Members of the People's Defence Forces (PDF) who became guerrilla fighters after being protesters are seen on the front line in Kawkareik on December 31, 2021. (Reuters)
Members of the People's Defence Forces (PDF) who became guerrilla fighters after being protesters are seen on the front line in Kawkareik on December 31, 2021. (Reuters)
Myanmar’s Ministry of Foreign Affairs

Myanmar’s Ministry of Foreign Affairs

“Such irresponsible actions of the government of Timor-Leste are not only harming the bilateral diplomatic relations between the two countries but also encouraging the terrorist group to further committing their violations in Myanmar.”

Misleading

Myanmar’s ruling junta expelled Timor-Leste’s charge d’affaires — the island nation’s top diplomat in the country — over Timor Leste President Jose Ramos-Horta’s contact with Myanmar's government in exile.

In July, Ramos-Horta met in Dili, Timor Leste’s capital, with Zin Mar Aung, the shadow National Unity Government’s foreign minister.

Myanmar nationals living in Thailand hold a picture of former Myanmar leader Aung San Suu Kyi during a protest marking the two-year anniversary of Myanmar's military takeover, in Bangkok on February 1, 2023. (Sakchai Lalit/AP)
Myanmar nationals living in Thailand hold a picture of former Myanmar leader Aung San Suu Kyi during a protest marking the two-year anniversary of Myanmar's military takeover, in Bangkok on February 1, 2023. (Sakchai Lalit/AP)

Myanmar’s military rulers regard the National Unity Government as a terrorist organization.

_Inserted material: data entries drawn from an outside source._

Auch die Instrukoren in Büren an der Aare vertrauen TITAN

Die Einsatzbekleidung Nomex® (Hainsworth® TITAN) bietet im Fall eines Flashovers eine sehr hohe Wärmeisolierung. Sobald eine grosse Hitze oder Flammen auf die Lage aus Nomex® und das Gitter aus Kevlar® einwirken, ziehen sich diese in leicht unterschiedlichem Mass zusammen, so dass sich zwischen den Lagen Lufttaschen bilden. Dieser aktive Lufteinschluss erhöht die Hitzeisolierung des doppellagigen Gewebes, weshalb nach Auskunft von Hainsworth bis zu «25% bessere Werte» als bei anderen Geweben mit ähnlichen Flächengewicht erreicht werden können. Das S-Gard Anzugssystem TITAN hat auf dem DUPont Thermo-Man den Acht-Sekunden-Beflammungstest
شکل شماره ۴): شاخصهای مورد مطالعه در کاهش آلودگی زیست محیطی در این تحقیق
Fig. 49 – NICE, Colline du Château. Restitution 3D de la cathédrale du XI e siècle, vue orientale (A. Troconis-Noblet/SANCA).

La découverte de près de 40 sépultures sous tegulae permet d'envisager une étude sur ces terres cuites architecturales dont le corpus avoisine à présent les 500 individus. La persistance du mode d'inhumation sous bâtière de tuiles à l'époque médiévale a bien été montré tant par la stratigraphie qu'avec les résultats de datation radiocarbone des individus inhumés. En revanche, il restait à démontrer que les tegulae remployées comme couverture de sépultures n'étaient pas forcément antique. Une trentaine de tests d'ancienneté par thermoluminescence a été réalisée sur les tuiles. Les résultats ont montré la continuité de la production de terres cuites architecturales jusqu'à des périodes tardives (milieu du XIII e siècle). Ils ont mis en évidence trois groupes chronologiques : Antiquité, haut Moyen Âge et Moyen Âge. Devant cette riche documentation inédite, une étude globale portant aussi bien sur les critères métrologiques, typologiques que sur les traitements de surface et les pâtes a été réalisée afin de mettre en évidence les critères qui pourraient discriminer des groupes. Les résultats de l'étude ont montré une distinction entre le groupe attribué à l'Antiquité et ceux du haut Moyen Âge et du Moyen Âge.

“Such irresponsible actions of the government of Timor-Leste are not only harming the bilateral diplomatic relations between the two countries but also encouraging the terrorist group to further committing their violations in Myanmar,” Myanmar’s Ministry of Foreign Affairs said on August 27.

That is misleading.

The People’s Defense Force, a collection of armed groups created or recognized by the National Unity Government, has been accused of bombing government targets and killing members of Myanmar government-aligned forces and alleged government collaborators, among others.

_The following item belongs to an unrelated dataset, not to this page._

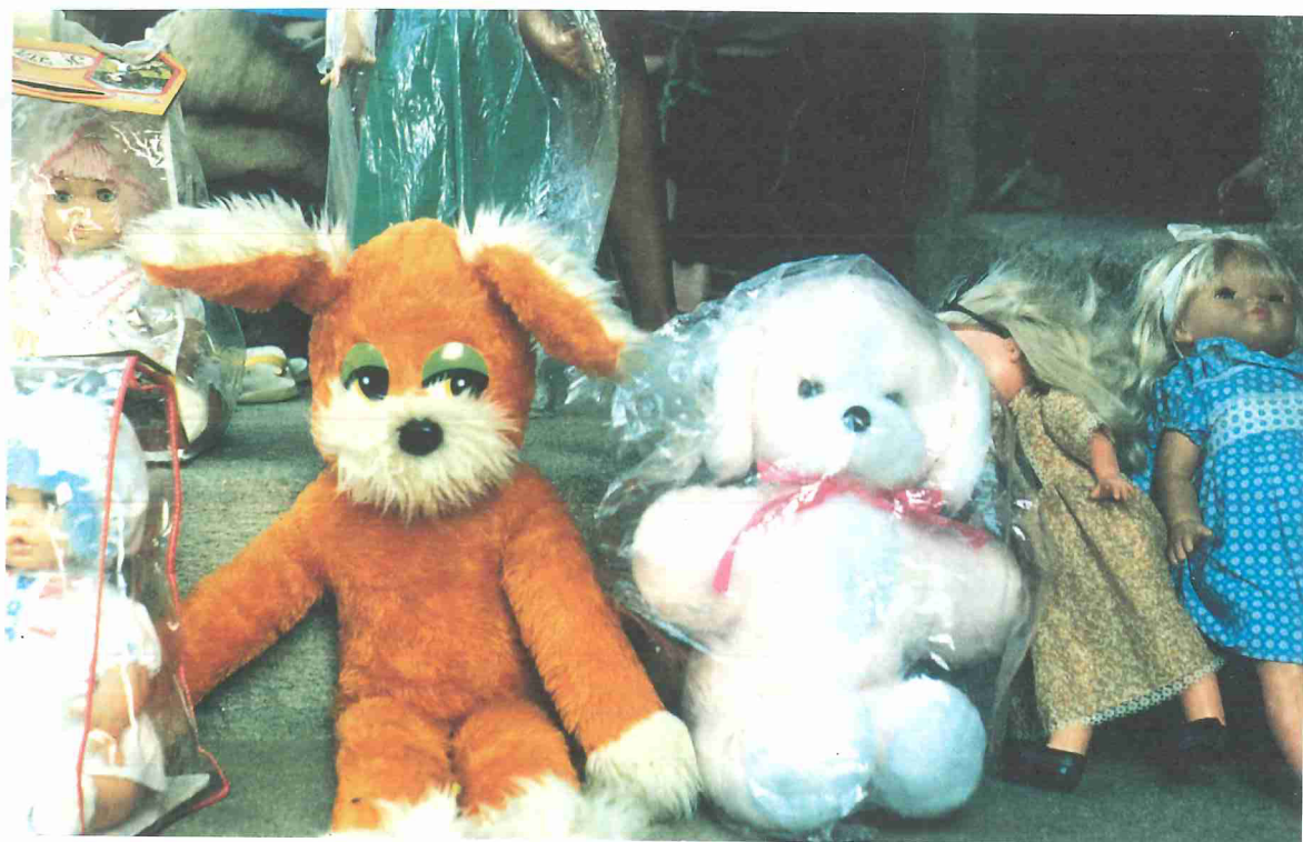
A contemplação do brinquedo industrial

The attacks started after Myanmar’s military violently suppressed protests against its ouster of the country’s democratically-elected government in a February 2021 coup. The U.N.’s Independent Investigative Mechanism for Myanmar accused Myanmar’s military of launching a “widespread and systematic attack against a civilian population.”

No other state has accepted the junta’s designation of the National Unity Government as a terrorist group.

The National Unity Government, in turn, designated Myanmar’s military junta, formally called the State Administrative Council, as a terrorist organization in June 2021, citing its mass killings of civilians and involvement in arbitrary detentions, torture and sexual violence.

According to the U.N.’s Special Rapporteur on the situation of human rights in Myanmar, the State Administrative Council “is not a legitimate government and should not be recognized, or engaged with, as such,” arguing it has “no democratic or constitutional legitimacy” and “lacks effective control of the country.”

The rapporteur called on U.N. member states to recognize the National Unity Government as “the legitimate representatives of the people of Myanmar.”

The European Union has recognized the National Unity Government and the Committee Representing Pyidaungsu Hluttaw — an exiled legislative body comprised of parliamentarians pushed out of Myanmar during the 2021 coup — as “the only legitimate representatives of the democratic wishes of the people of Myanmar.”

Analysts and rights groups note that Myanmar’s junta has long employed a strategy of collective punishment against civilians for their alleged support of armed resistance groups.

They also say the junta has committed war crimes that dwarf in nature and scale the anti-junta forces’ alleged terrorism.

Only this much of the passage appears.